The definition of a reflexive relation over $A$ is:
$R$ is reflexive over $A$ iff $\forall a \in A :(a,a) \in R$
Why the '$\forall a \in A$'? Def. of transitive and symmetric relations don't have that:
$R$ is transitive iff $(a,b)\in R \wedge (b,c) \in R \implies (a,c) \in R$
$R$ is symmetric iff $(a,b) \in R \implies (b,a) \in R$
If the universal quantification is needed to define the reflexive relation, why isn't it needed for the other two?
On
Reflexive means EACH $a\in A$ is in relation with itself.
Symmetric means AS LONG AS $aRb$, then $bRa$.
Transitive means IF $aRb$, $bRc$, then $aRc$.
A relation that is reflexive, symmetric and transitive is called an equivalence relation.
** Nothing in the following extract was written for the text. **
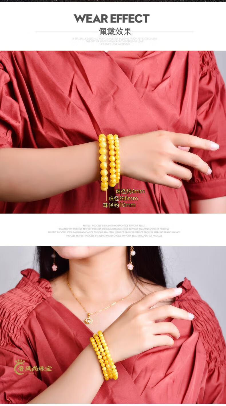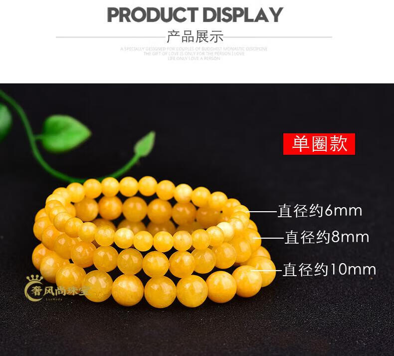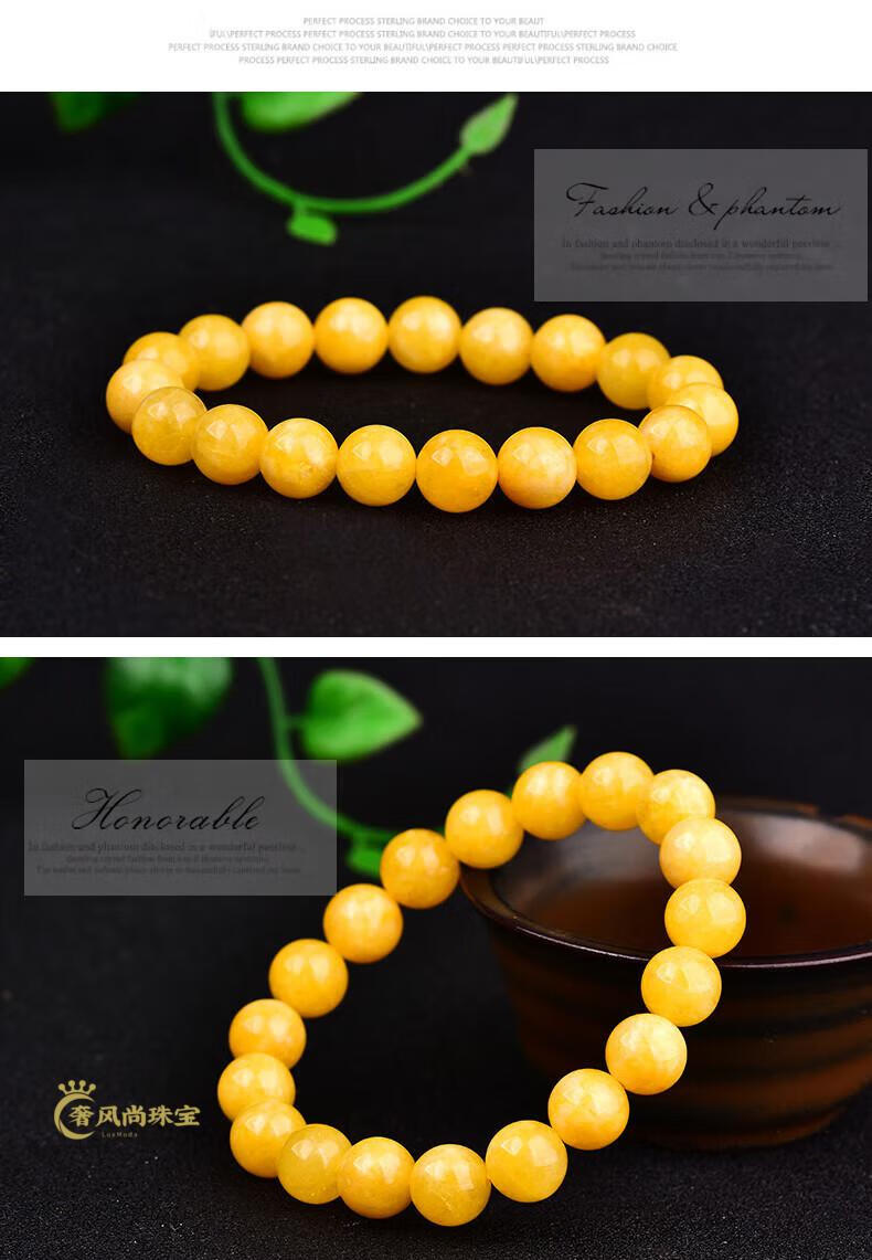 Fat Donglai's same amber beeswax bracelet, yellow chalcedony, chicken fat topaz, quartz jade bracelet for men and women, yellow 5A selected beads with diameter about 6mm, small size for women

I would like to think "friendship" as an example of equivalent relation (in a perfect world in which 1) you are friend with yourself; 2) if you are friend to Tom, then Tom is a friend to you; 3) if you are friend to Tom, Tom is friend to Amy, then you are friend to Amy.)
Strictly speaking, the universal quantification should be there in all three cases. It's often just left out as a shorthand.
Edit: strictly speaking, all statements are implicitly universally quantified. This is true even if the statement is written as an implication e.g.
$$\text{ if } a \in A \text{ then } (a,a) \in R$$
is really just
$$\forall a \in A, (a,a) \in R$$
or if you like, it is equivalent to the redundant statement:
$$\forall a \in A, \text{ if } a \in A \text{ then } (a,a) \in R$$
Otherwise, what is the $a$ that we are talking about? It needs to be drawn from some universe. So much of maths is implicitly universally quantified that we forget it's going on in the background. But from a strict, logical standpoint, it's always there.